Beginning with the line below that contains "Lyxigt fat bestående" and ending with the line that contains "Et puis un jour, le", retype every line exactly. Pictures are not copied.

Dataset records
══════
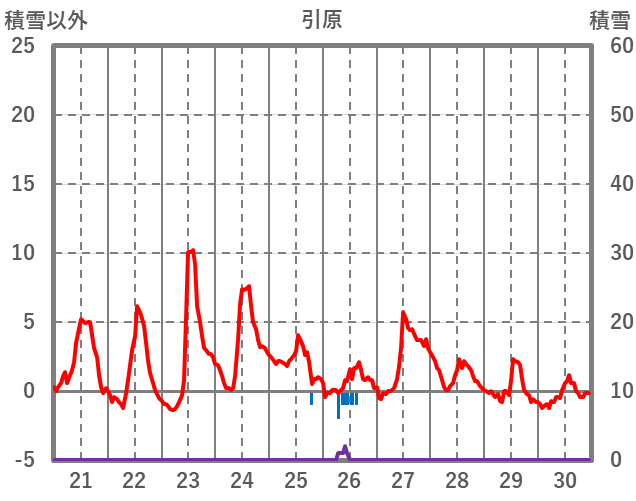 | 日 | 時 | 気温 | 降水 | 風向/風速 | 日照 | 積雪 | 降雪 |
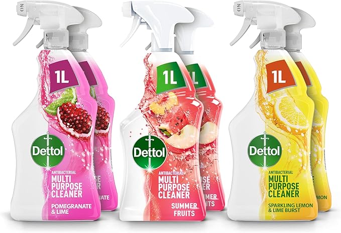 🦊Dettol Antibacterial Multipurpose Cleaner Multipack, Pomegranate & Lime, Summer Fruits, Sparkling Lemon Burst, 1L Each, Pack of 6,-AUTO WIN
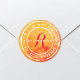 Dica: Se necessário, adicione espaços entre letras e/ou espaço duplo entre palavras para alcançar esta "aparência". Design de cor d'água laranja clássico que apresenta o seu monograma, nome e endereço numa etiqueta de endereço redondo de retorno.
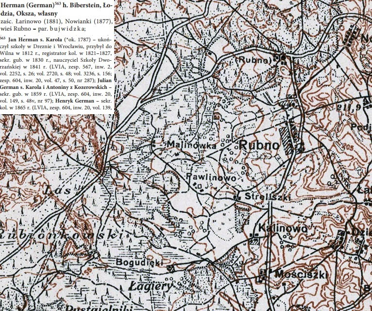 Rubno birtok és falu egy 1933-as lengyel térképen. A „Las Rubionkowski”, a rubnói erdő ma védett madárfészkelőhely a külvárosban, közvetlenül Vilnius lakótelepei mögött. A beillesztett szöveg kivágás Czeslaw Malewskinek a Wilno-környéki nemességről szóló könyvébőlMost, hogy tangó-időgépünk egy egész évszázadot utazott velünk, s az 1930-as évekből 1830-ig jutottunk, már nem kell mélyebbre hatolnunk a múltba. Az eredeti Fekete szemek szerzői, Jevgenyij Grebenka és Nicholas DeVitte mindketten élnek és erejük teljében vannak ebben az időben. S a történészeknek köszönhetően mindkettőjük életét viszonylag jól ismerjük (ami nem jelenti azt, hogy a Fekete szemek története kevésbé bővelkedne rejtélyekben és valószínűtlen fordulatokban).
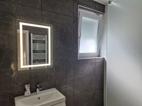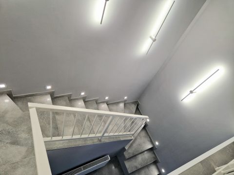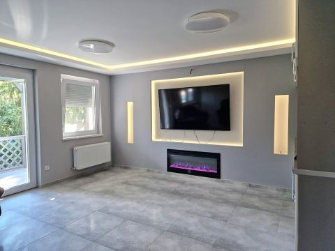 Prémium minőségű burkolatok mindenhol, beépített led világítások, látványkandalló teszik különlegessé ezt az újszerű házat.
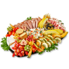Lyxigt fat bestående av varmrökt lax, rostbiff, lufttorkad skinka, ägghalvor med räkor och majonäs, brieost med två olika kex och marinerade oliver dekorerat med frukt (druvor, physalis, kiwi, melon) och grönt (cocktail tomater, sallad, dill).
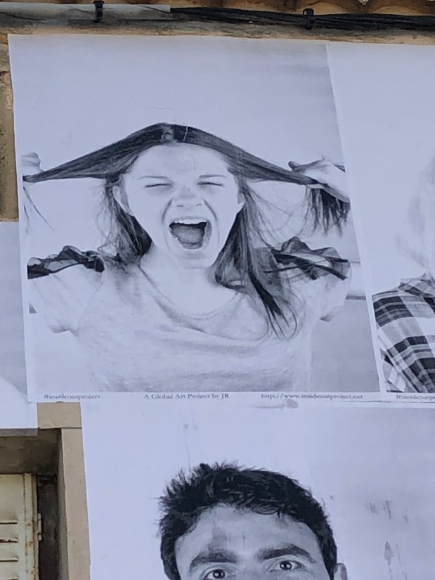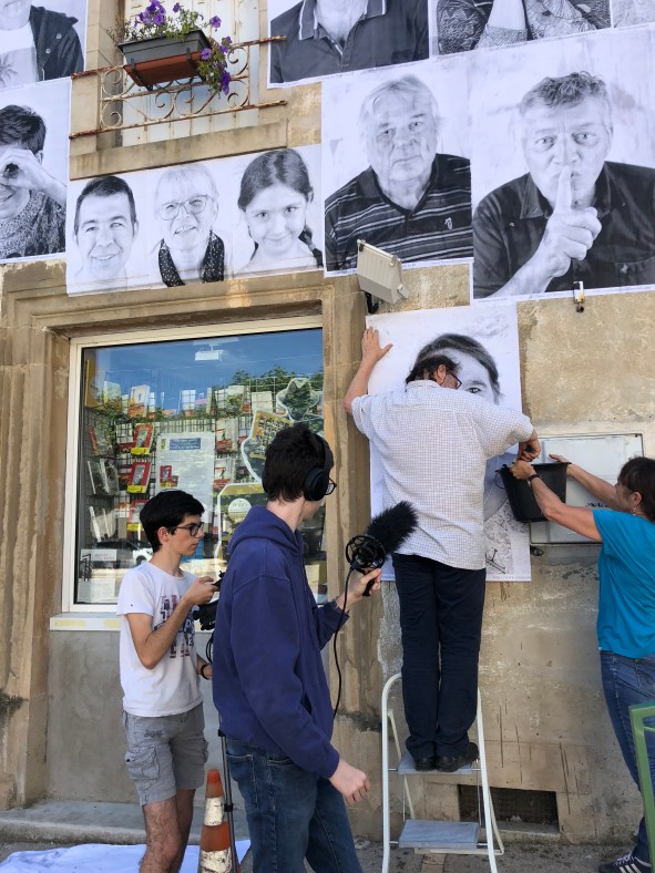 Et puis un jour, le libraire de notre village (oui, nous avons la chance d’avoir une super librairie dans notre village : le Baz’Art des Mots ) , notre libraire donc dit à Baptiste que l’artiste JR propose un projet participatif à grande échelle : Inside Out . Les participants envoient des portraits et il leur est renvoyé des impressions au format affiche à coller.
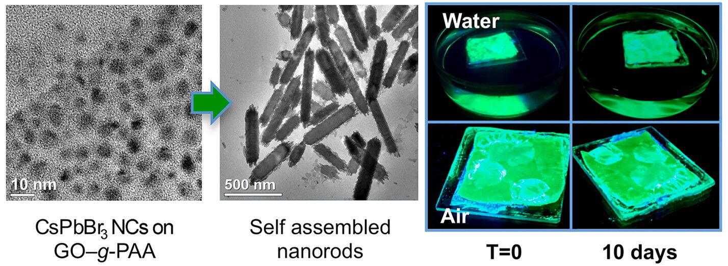 该研究成果已于近期在线发表于期刊Nano Letters (影响因子12.712)上,题为“Nanorod Suprastructures from a Ternary Graphene Oxide-Polymer-CsPbX3Perovskite Nanocrystal Composite That Display High Environmental Stability”。该研究工作是课题组继2016年ACS Nano(2016, 10, 7943)和2017年Nanoscale(2017, 9, 17688)文章以来的又一重大进展。论文第一作者为课题组青年教师潘爱钊博士(交大为第一作者单位与通讯作者单位)。
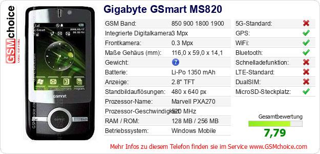Hast du eigene Webseite? Willst du die Informationen über Standarddaten des Handys Gigabyte GSmart MS820 irgendwo veröffentlichen? Das ist sehr einfach. Du kannst das Bild herunterladen oder kopieren und auf der Webseite folgenden Code hinzufügen:Das Einfügen von diesem Code verursacht das Anzeigen von dem folgenden Bild:
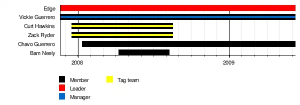 | Members | Edge (leader) Vickie Guerrero Chavo Guerrero Curt Hawkins Zack Ryder Bam Neely |
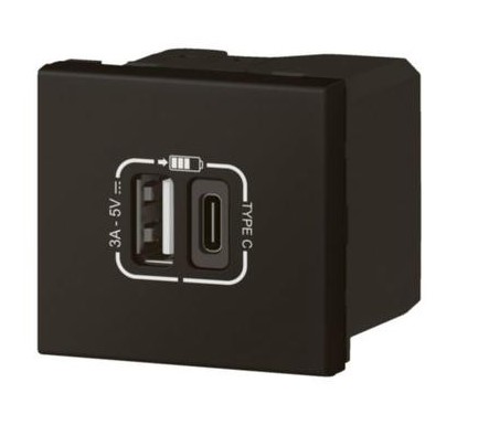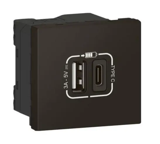 - Mosaic Svart 2xusb Hleðslustöð 79193l 2m Usb A+c 3a/15w 2m
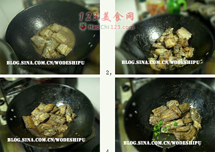 3、带入酱油、料酒和红糖,还有清水少许,上色和调味(婆婆的上色和调味和我的烧带鱼的方法不同,我不用再度盛起,将油倒出,这样的会汤水的油分会很多,看上去也很油腻,而且还浪费油呢)。
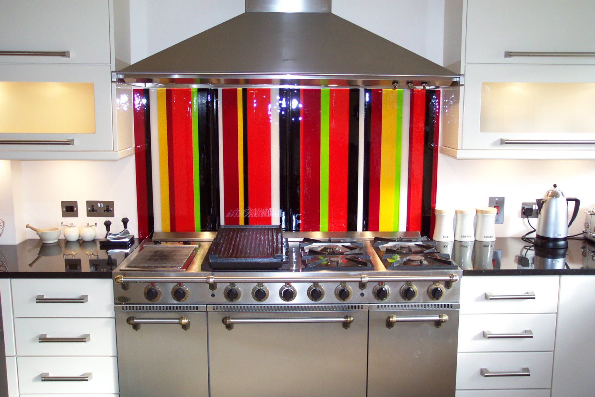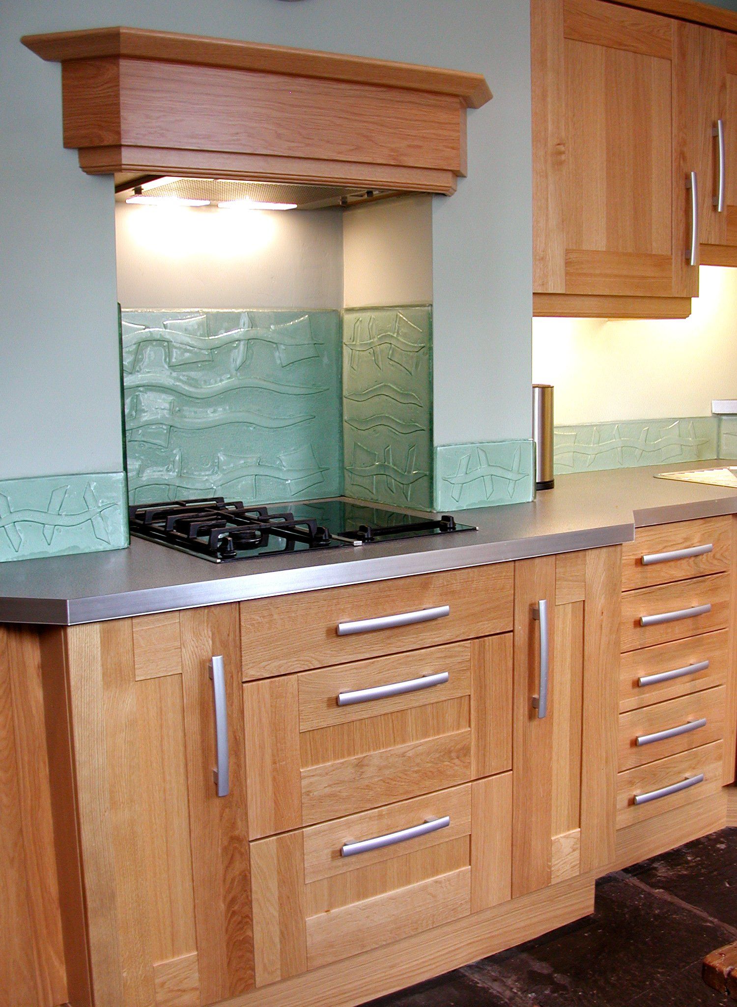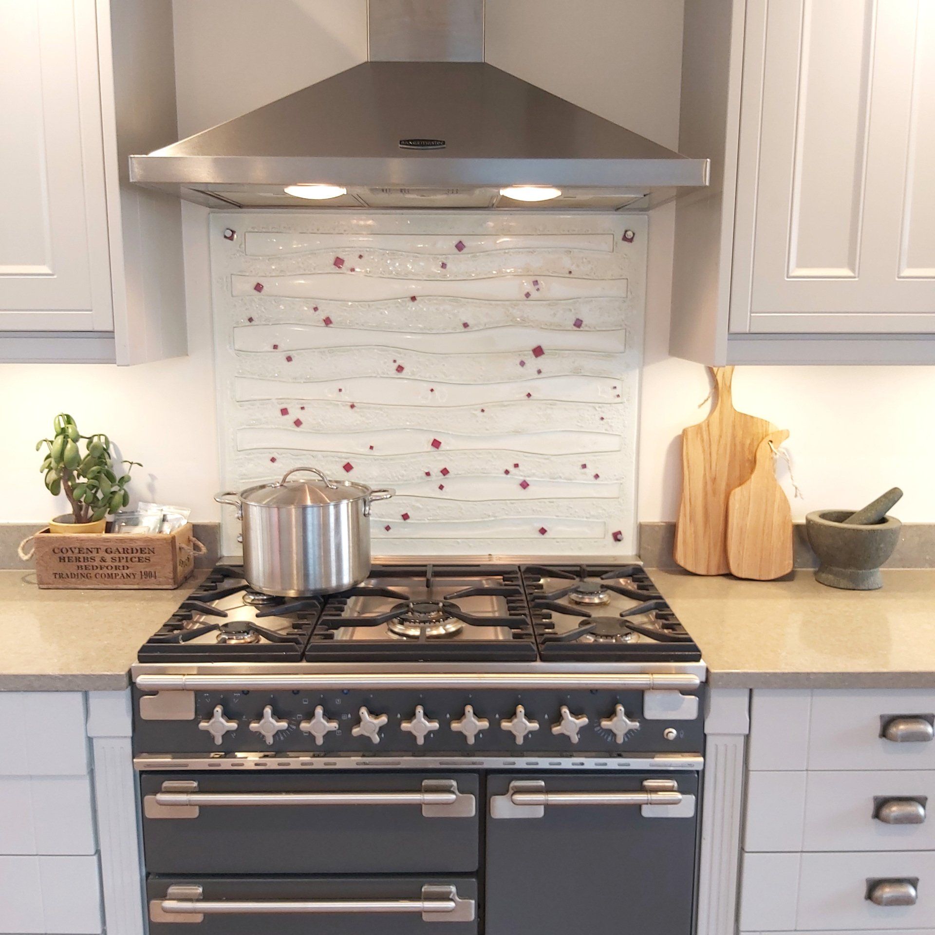The Fused Glass Splashbacks in this portfolio have been solely designed and made by us here at Stonegate Glass Studio and Gallery. They are a great, contemporary alternative to tiles, with a crisp clean look in a wide variety of colours and designs. They are easy to fit and give a warmer feel than stainless steel.... More Info
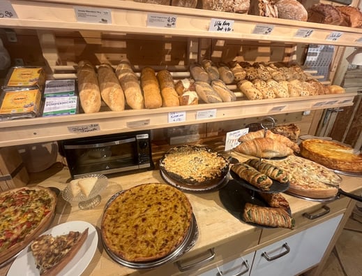 Von verschiedenen Bio-Bäckern aus der Region erhalten wir Brote und Backwaren. Vom Bäcker Gschwill bekommen wir dienstags reines Vollkornbrot, die Bio-Bäckerei Grotzinger versorgt uns mit Vollkornprodukten wie Semmeln, Brezn und Broten und alle 14 Tage gibt es Vollkorn- und Mischbrote von der Hofpfisterei.
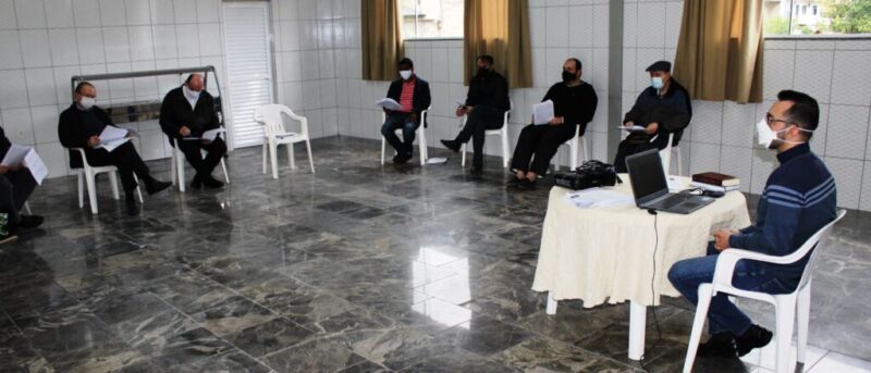 Cuidando dos diversos aspectos da proteção contra a pandemia, os padres da Comarca de Timbó reuniram-se presencialmente nesta terça-feira, 08 de junho de 2021, nas dependências da Igreja Matriz Imaculada Conceição, Timbó. Sob a coordenação do Pe. José Carlos Bressanini, vigário comarcal, e com a presença moderadora de Dom Rafael Biernaski, bispo diocesano de Blumenau, foram abordados resumidamente os seguintes assuntos: Plano Diocesano de Pastoral, Assembleia Eclesial Latino-americana e caribenha, Ano da Família Amoris Laetitia e Motu Proprio “Antiquum Ministerium” (sobre a instituição do ministério do Catequista).
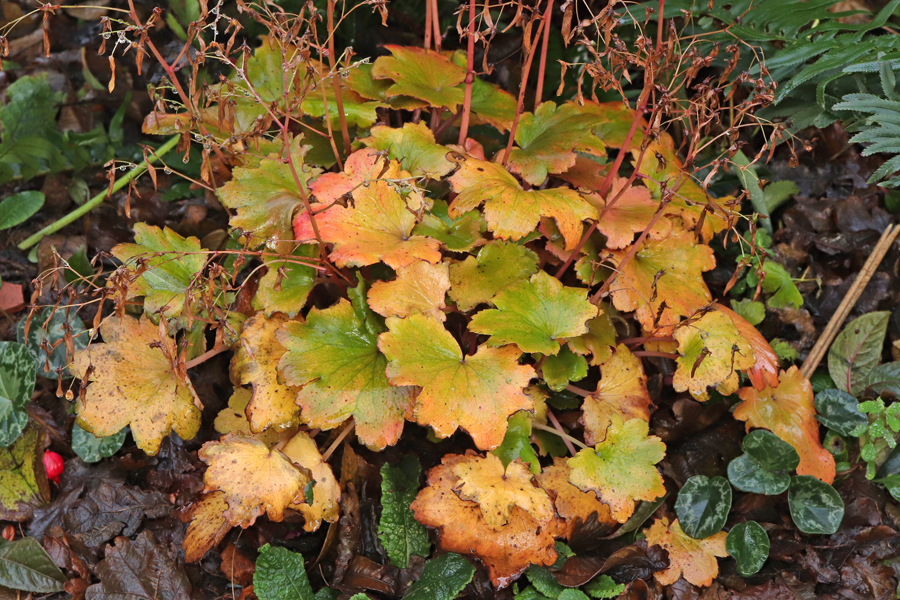 Saxifraga fortunei ‘Sybil Trelawney’. This featured in flower in mid October and it has produced an unexpected encore with a splash of colour in December.
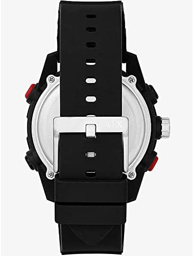 Armani Exchange Men's Analogue-Digital Quarz Watch with Silicone Strap AX2960, Black, strap
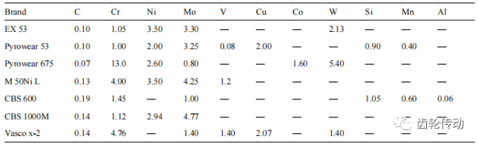 針對上述問題,冶金學家利用含 Mo 合金鋼“二次硬化”原理,設計、研制出低碳中高合金 Cr-Ni-Mo 系的第二代滲碳齒輪鋼。第二代滲碳齒輪常見牌號有 EX 53、Pyrowear 53、Py rowear 675、M 50Ni L、CBS 600、CBS 1000M、Vasco x-2 等,常見牌號合金化成分如表 2 所示,第二代滲碳齒輪鋼的服役溫度上限提升至 350 ℃。
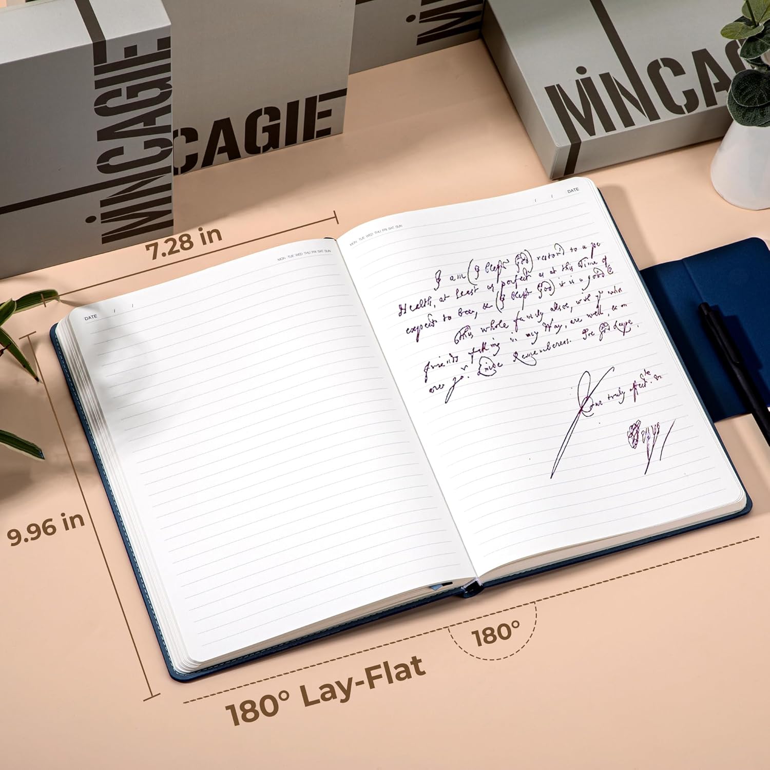 - Sleek Functionality: A magnetic square closure replaces traditional straps, ensuring secure closure and doubling as a hidden pen loop. Perfect for on-the-go use with its A5 journal for men and 180° flat-lay design.
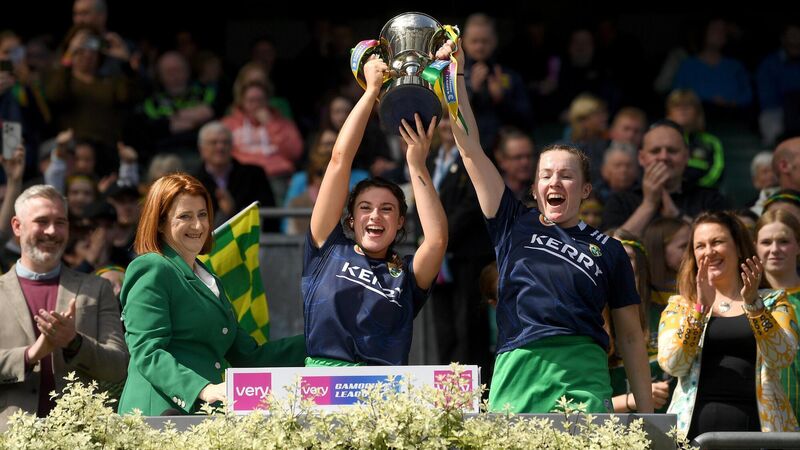HISTORIC WIN: Kerry joint captains Clodagh Walsh, left, and Sara Murphy lift the cup after the Very Camogie League Final Division 2A final at Croke Park. Pic: Eóin Noonan/Sportsfile
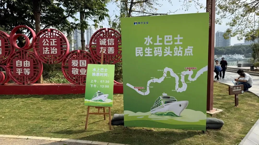 它有个起终点就是在民生广场民生码头这里,和夜游邕江是一样的。来到民生码头就看到这个牌牌了!
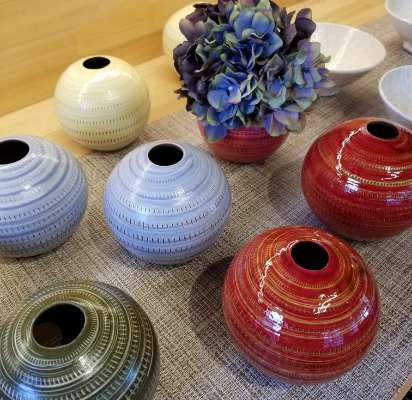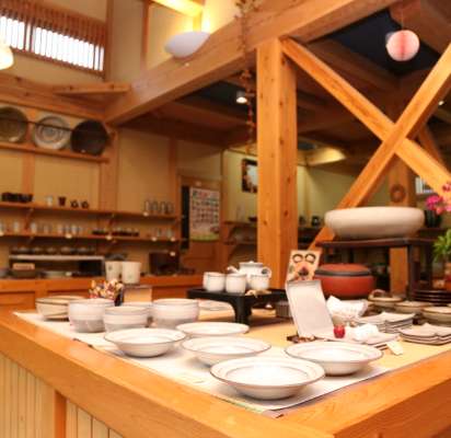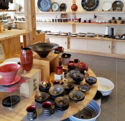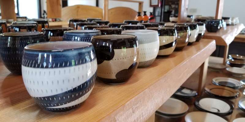 ヤママル窯是一個極具特色的窯,不僅繼承了小石原燒的傳統,更透過自然的顏料將陶器上色。 有很多作品都帶有非常華麗的花卉畫,這些顏料使用朱紅色,黃色和綠色等顏色,並混合了小石原的獨特器皿樣貌。 在展廳中,有該窯目前致力於研究的適合現代餐桌的新式小石原燒,例如以自然為主題的橡樹果實和蘑菇製品,以及具有金屬光澤的器皿。另外,店內的佈局也很可愛,會讓女性感到開心。
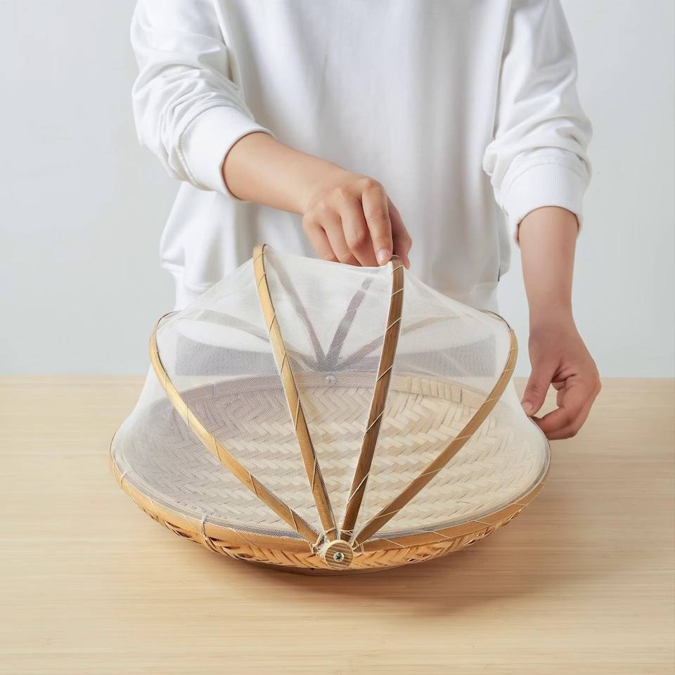 Sustainable Eco Friendly Collapsible Food Cover Round Bamboo Foldable Netted Tent Foods Mesh Tents
══════
* RESULT OF THE EXERCISE *
Lyxigt fat bestående av varmrökt lax, rostbiff, lufttorkad skinka, ägghalvor med räkor och majonäs, brieost med två olika kex och marinerade oliver dekorerat med frukt (druvor, physalis, kiwi, melon) och grönt (cocktail tomater, sallad, dill).
 Et puis un jour, le libraire de notre village (oui, nous avons la chance d’avoir une super librairie dans notre village : le Baz’Art des Mots ) , notre libraire donc dit à Baptiste que l’artiste JR propose un projet participatif à grande échelle : Inside Out . Les participants envoient des portraits et il leur est renvoyé des impressions au format affiche à coller.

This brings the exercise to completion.